■ Given information ■

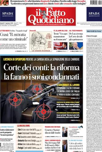 - La riforma della Corte dei Conti al centro della prima pagina: il quotidiano parla di “licenza di sperpero” mentre alla Camera è stato dato il primo sì alla riforma della giustizia sulla separazione delle carriere. In taglio alto il libro di Spiri che fa emergere alcune figure tra cui alcune lettere inedite di Craxi: “Berlusconi mi tratta come un criminale”. L’allarme dell’Usb sulle Ferrovie dello Stato: per i treni manca un manutentore su 4
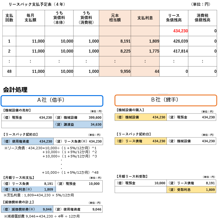 - (1) A社(借手)は、自己所有の工場機械設備を新規の設備投資の資金を得る目的で、以下の(3)の条件によりB社(貸手)に譲渡するとともに、その資産をA社にリースバックした。
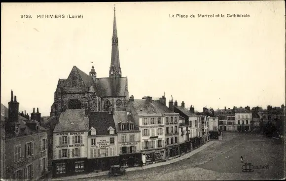 Ak Pithiviers Loiret, Place du Martroi et la Cathédrale
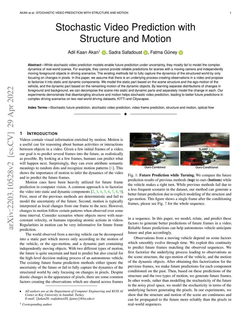 While stochastic video prediction models enable future prediction under uncertainty, they mostly fail to model the complex dynamics of real-world scenes. For example, they cannot provide reliable predictions for scenes with a moving camera and independently moving foreground objects in driving scenarios. The existing methods fail to fully capture the dynamics of the structured world by only focusing on changes in pixels. In this paper, we assume that there is an underlying process creating observations in a video and propose to factorize it into static and dynamic components. We model the static part based on the scene structure and the ego-motion of the vehicle, and the dynamic part based on the remaining motion of the dynamic objects. By learning separate distributions of changes in foreground and background, we can decompose the scene into static and dynamic parts and separately model the change in each. Our experiments demonstrate that disentangling structure and motion helps stochastic video prediction, leading to better future predictions in complex driving scenarios on two real-world driving datasets, KITTI and Cityscapes.
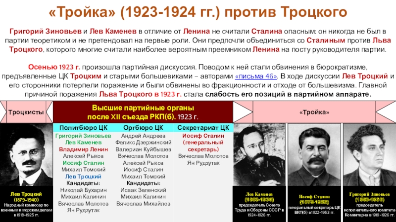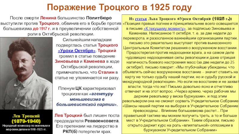 После смерти Ленина большинство Политбюро выступили против Троцкого, обвинив его в борьбе против большевизма до 1917 г. и в преувеличении собственной роли в Октябрьской революции.
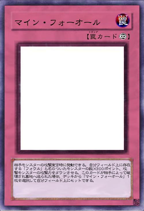 | 相手モンスターの攻撃宣言時に発動できる。自分フィールド上に存在する「フォウル」と名のついたモンスターの数×300ポイント、攻撃モンスターの攻撃力をダウンさせる。このカードが相手によって破壊され墓地へ送られた場合、デッキから「マイン・フォーオール」1枚を選択して自分フィールド上にセットできる。 | |||
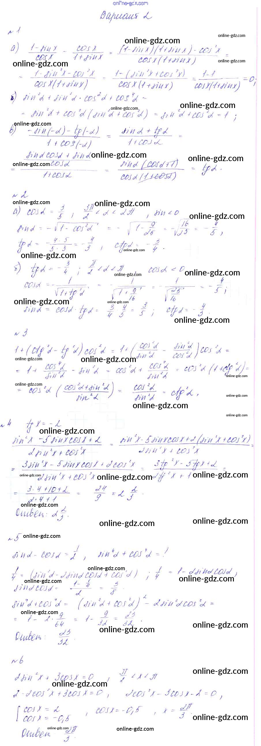 Готовые домашние задания по Алгебре за 9 класс Дидактические материалы Зив, Гольдич 2013 - КР-4. Основные тригонометрические тождества Контрольные работы вариант 2
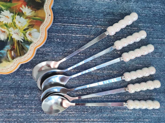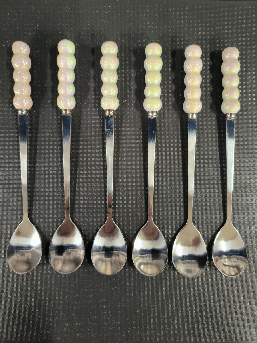 Комплект 6 десертни лъжички с керамични дръжки "Седеф"
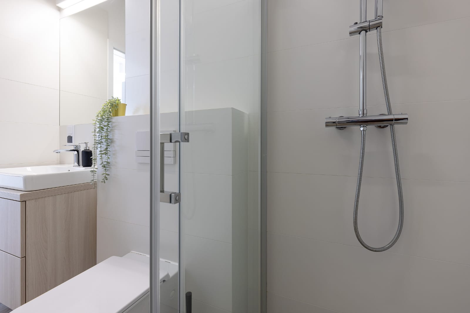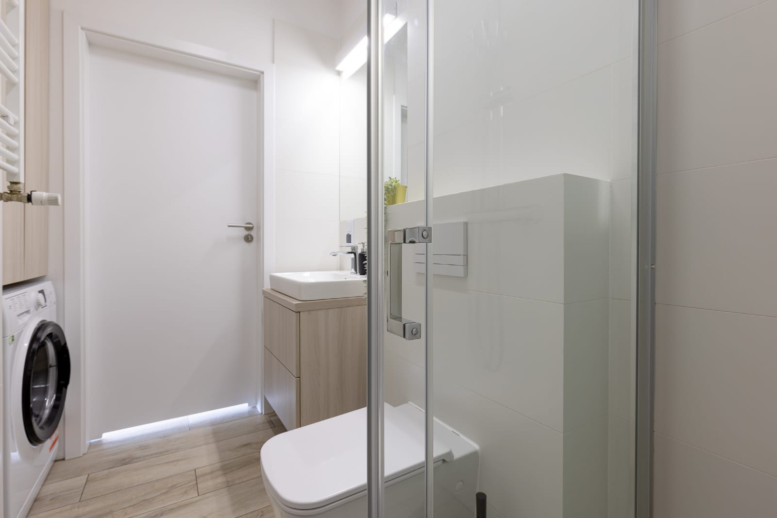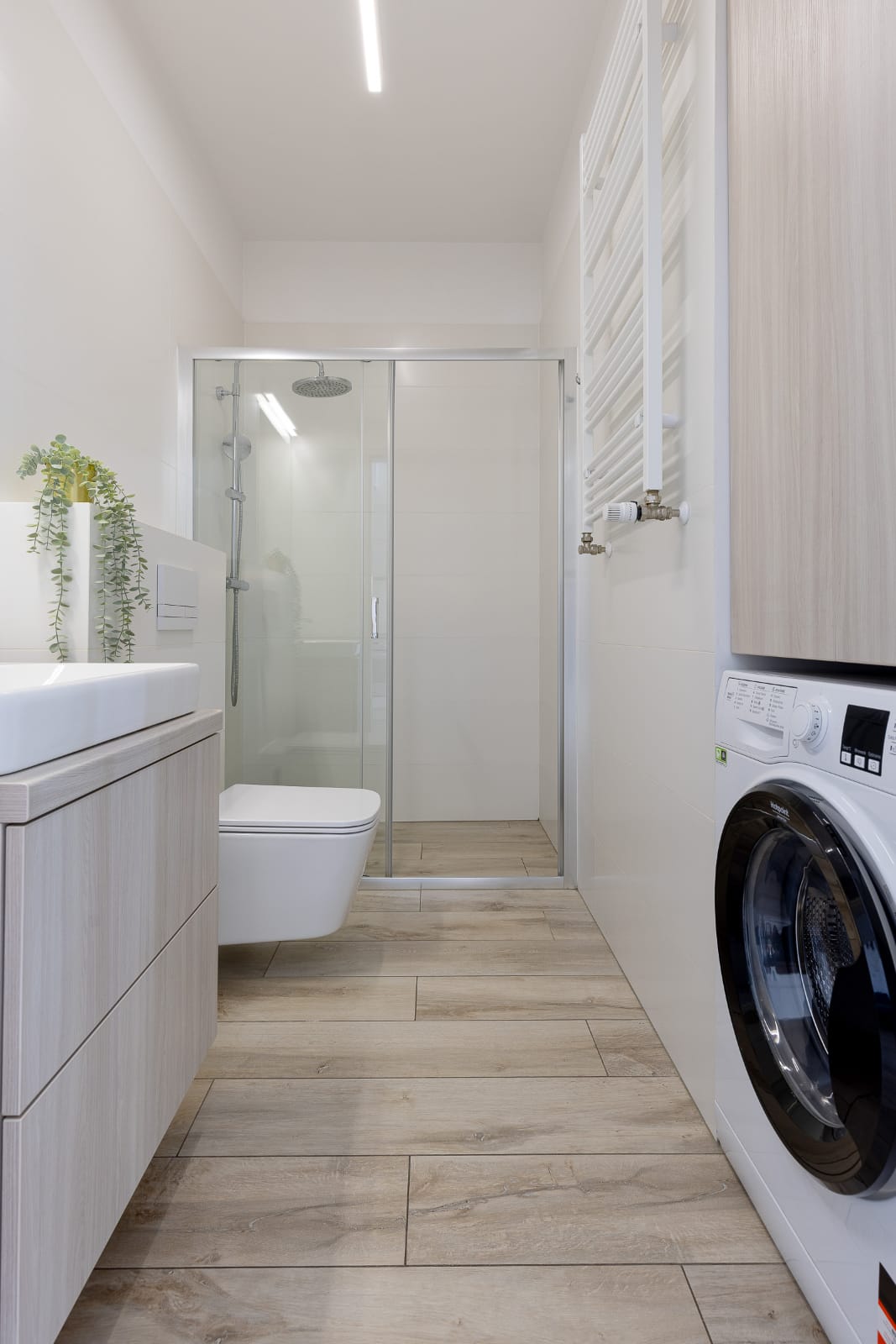 Przestronna łazienka z prysznicem oraz pralką na wyposażeniu. Dla gości przygotowany komplet przyborów higienicznych oraz suszarka do włosów.

■ Assignment ■
If a record contains a picture, leave the picture out and retype everything else exactly.

■ Answer area ■
 - La riforma della Corte dei Conti al centro della prima pagina: il quotidiano parla di “licenza di sperpero” mentre alla Camera è stato dato il primo sì alla riforma della giustizia sulla separazione delle carriere. In taglio alto il libro di Spiri che fa emergere alcune figure tra cui alcune lettere inedite di Craxi: “Berlusconi mi tratta come un criminale”. L’allarme dell’Usb sulle Ferrovie dello Stato: per i treni manca un manutentore su 4
 - (1) A社(借手)は、自己所有の工場機械設備を新規の設備投資の資金を得る目的で、以下の(3)の条件によりB社(貸手)に譲渡するとともに、その資産をA社にリースバックした。
 Ak Pithiviers Loiret, Place du Martroi et la Cathédrale
 While stochastic video prediction models enable future prediction under uncertainty, they mostly fail to model the complex dynamics of real-world scenes. For example, they cannot provide reliable predictions for scenes with a moving camera and independently moving foreground objects in driving scenarios. The existing methods fail to fully capture the dynamics of the structured world by only focusing on changes in pixels. In this paper, we assume that there is an underlying process creating observations in a video and propose to factorize it into static and dynamic components. We model the static part based on the scene structure and the ego-motion of the vehicle, and the dynamic part based on the remaining motion of the dynamic objects. By learning separate distributions of changes in foreground and background, we can decompose the scene into static and dynamic parts and separately model the change in each. Our experiments demonstrate that disentangling structure and motion helps stochastic video prediction, leading to better future predictions in complex driving scenarios on two real-world driving datasets, KITTI and Cityscapes.
 После смерти Ленина большинство Политбюро выступили против Троцкого, обвинив его в борьбе против большевизма до 1917 г. и в преувеличении собственной роли в Октябрьской революции.
 | 相手モンスターの攻撃宣言時に発動できる。自分フィールド上に存在する「フォウル」と名のついたモンスターの数×300ポイント、攻撃モンスターの攻撃力をダウンさせる。このカードが相手によって破壊され墓地へ送られた場合、デッキから「マイン・フォーオール」1枚を選択して自分フィールド上にセットできる。 | |||
 Готовые домашние задания по Алгебре за 9 класс Дидактические материалы Зив, Гольдич 2013 - КР-4. Основные тригонометрические тождества Контрольные работы вариант 2
 Комплект 6 десертни лъжички с керамични дръжки "Седеф"
 Przestronna łazienka z prysznicem oraz pralką na wyposażeniu. Dla gości przygotowany komplet przyborów higienicznych oraz suszarka do włosów.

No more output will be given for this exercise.